The experimental evaluation of SnS quantum dot-sensitized solar cells confirms that ligand-controlled growth strongly influences crystallographic quality, optical bandgap, and photovoltaic performance under both monofacial and bifacial operation. Although all samples were crystallized in the orthorhombic SnS phase, their functional behaviour differed markedly, as reflected in the variation in particle size (5.93–8.57 nm) and bandgap (2.2–2.8 eV). These differences translated directly into device performance, where SnS3, with an intermediate bandgap of (2.7 eV) and particle size of (~6.67 nm), delivered the highest efficiency of 7.63%, significantly outperforming SnS1 (3.40%) and SnS2 (2.03%).
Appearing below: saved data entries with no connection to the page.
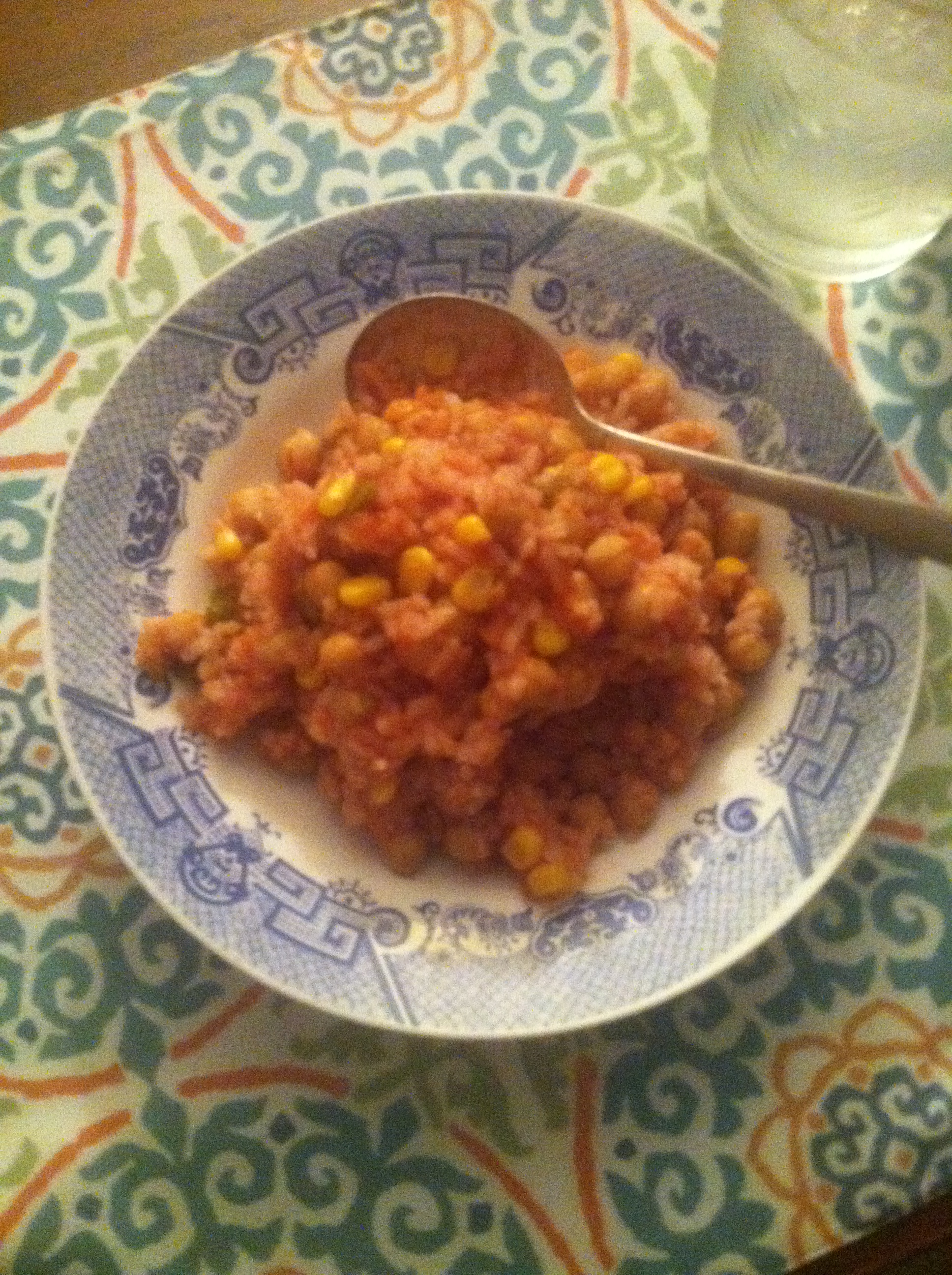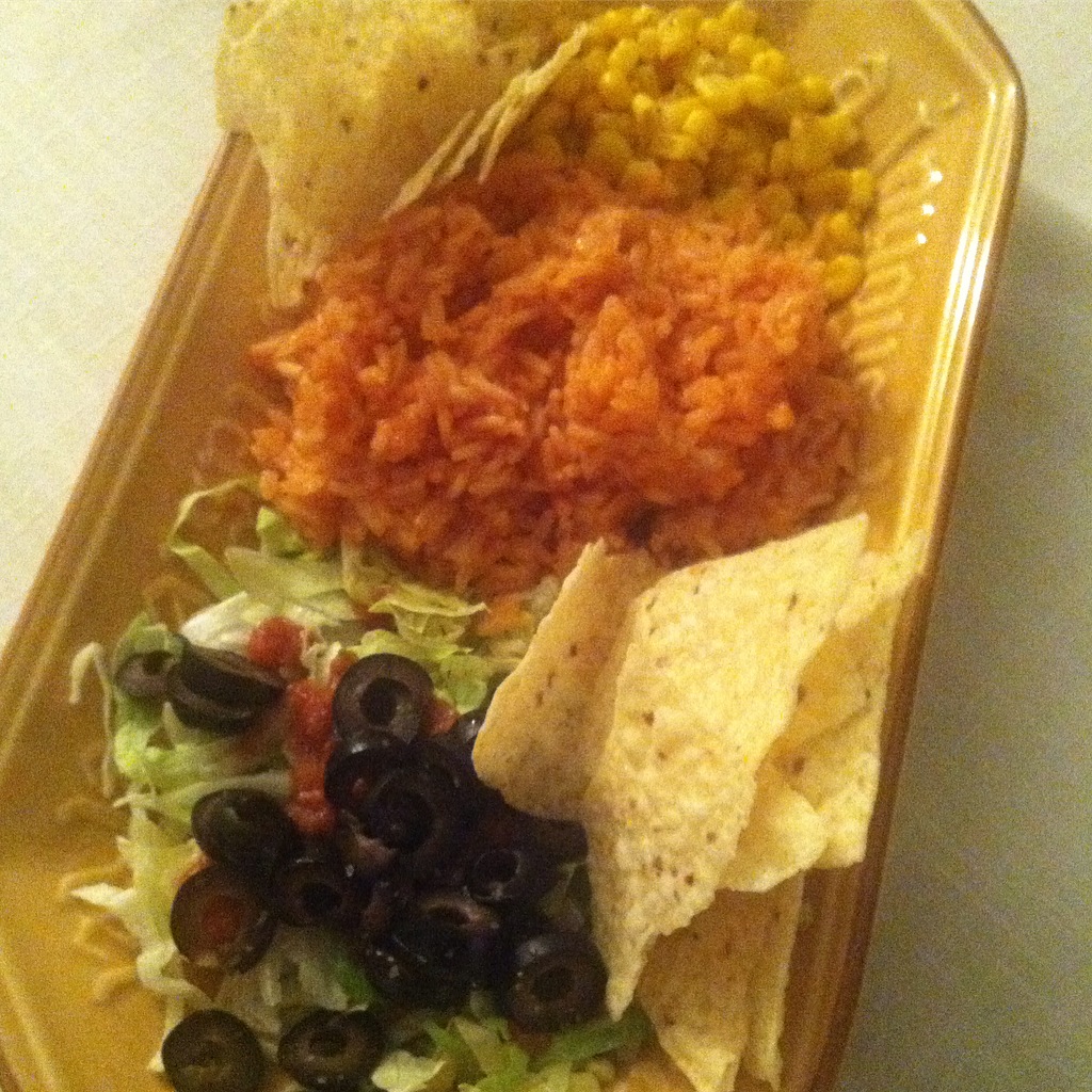 A little salad with salsa and black olives. Homemade Mexican Rice with Tortilla Chips. I even made some Chili-Lime Corn, that was crazy delicious.
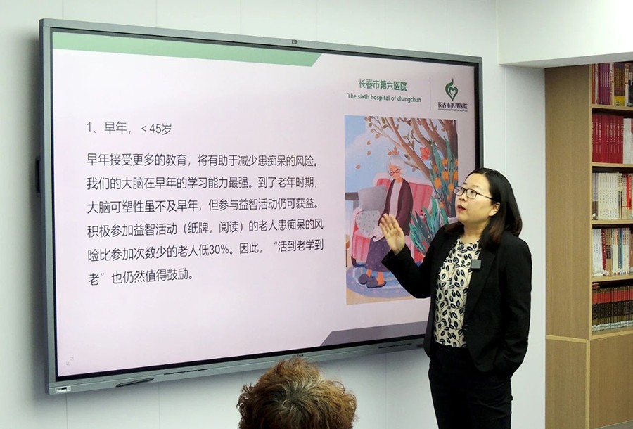 来自南昌社区的20余位居民,在吴琼的带领下,开启了预防阿尔茨海默病的学习之旅。她将理论知识与生活实例相结合,从“阿尔茨海默病的危害、致病原因、如何预防”等方面进行了讲解,帮助大家系统地了解该疾病。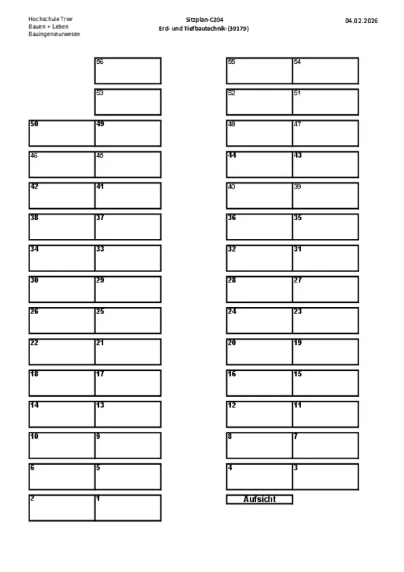 Die Platzvergabe erfolgt auch dieses Semester im Voraus und wird spätestens zwei Tage vor der Klausur auf dieser Seite veröffentlicht. Bitte informieren Sie sich bereits im Vorfeld über Ihren Sitzplatz.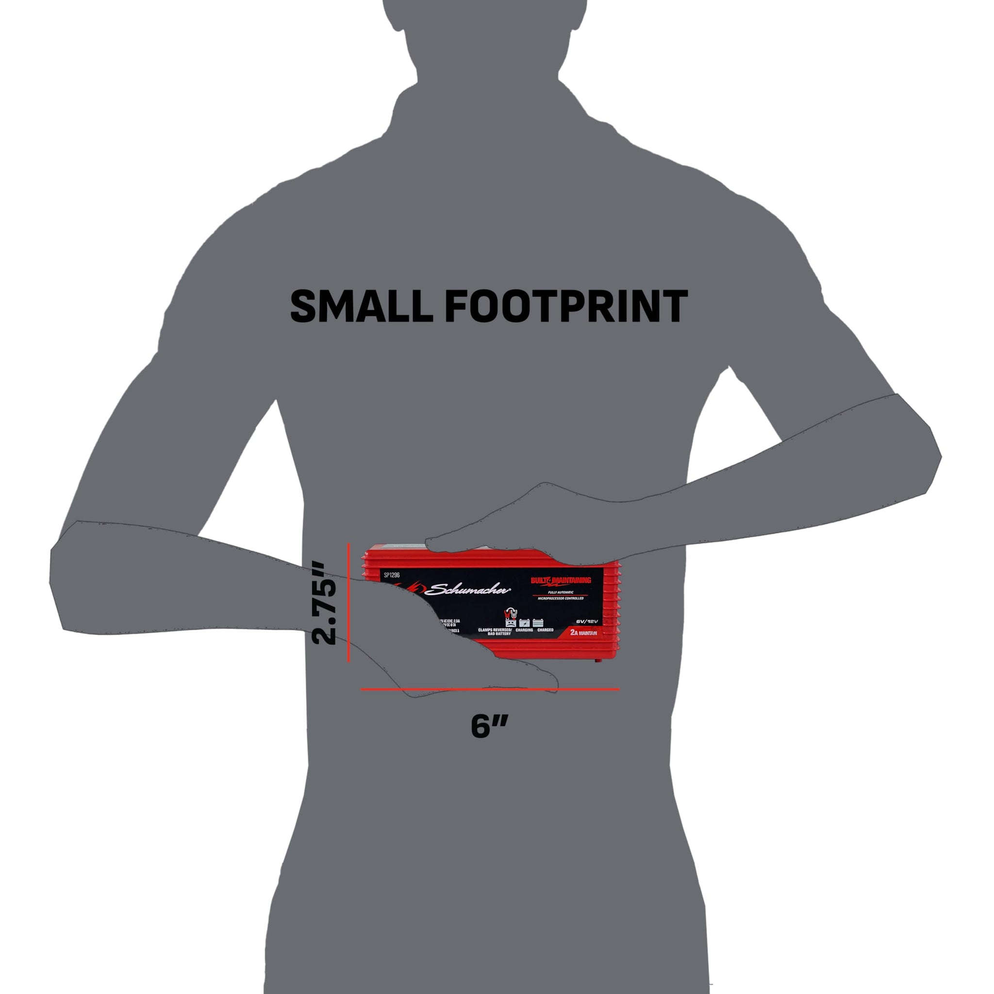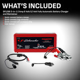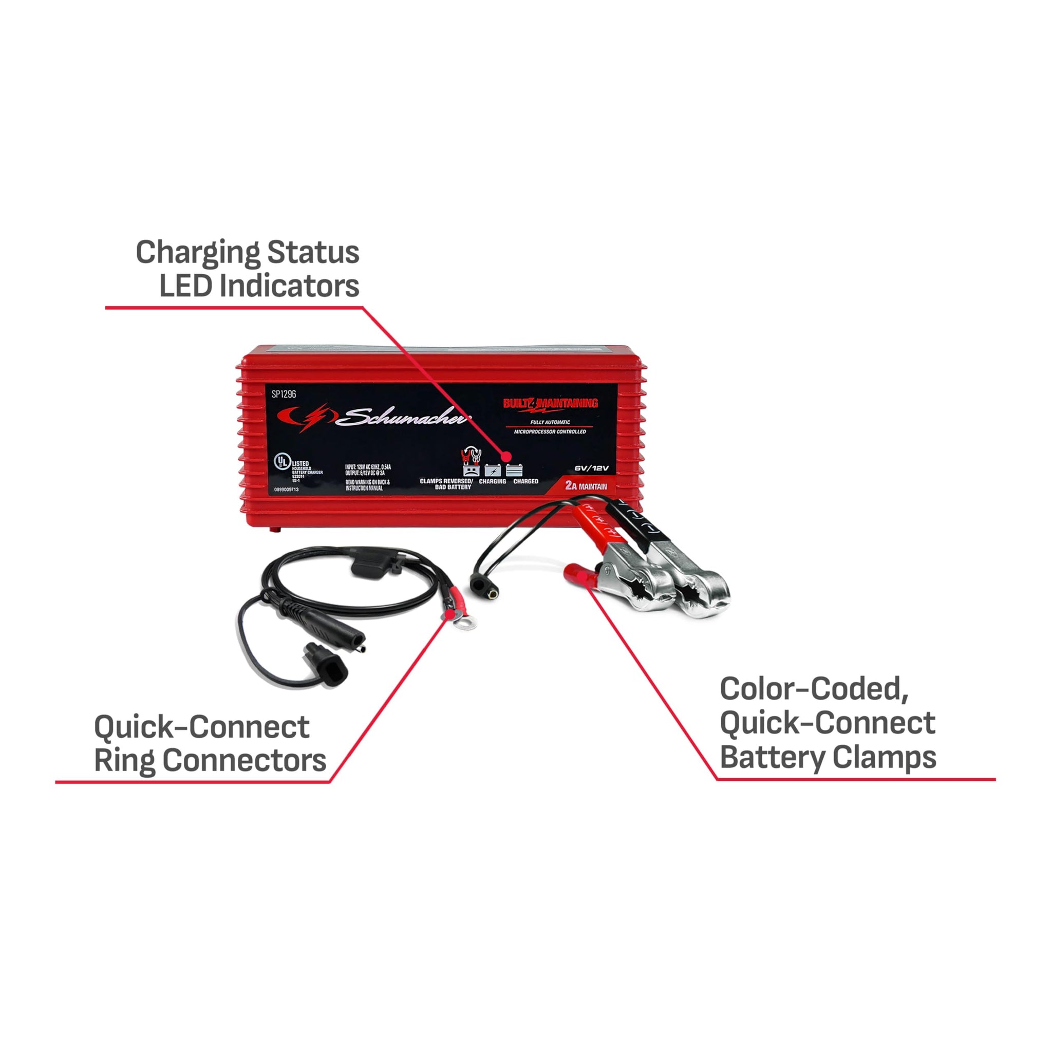 - Complete Package - Schumacher SP1296 2 Amp 6 Volt and 12 Volt Fully Automatic Battery Charger and Maintainer, quick-connect battery clamps, quick-connect ring connector, quick-connect 12 volt accessory plug, and user manual

In contrast, the larger particle size and lower bandgap of SnS2 did not result in improved efficiency, indicating that enhanced light absorption alone is insufficient without effective charge transport. Furthermore, the limited improvement under bifacial illumination suggests that recombination and interfacial losses restrict the effective utilization of additional photogenerated carriers. Overall, the results demonstrate that optimal device performance is achieved through a balance of structural and optoelectronic properties, highlighting ligand-controlled precursor design as a key factor in tuning SnS quantum dots for photovoltaic applications.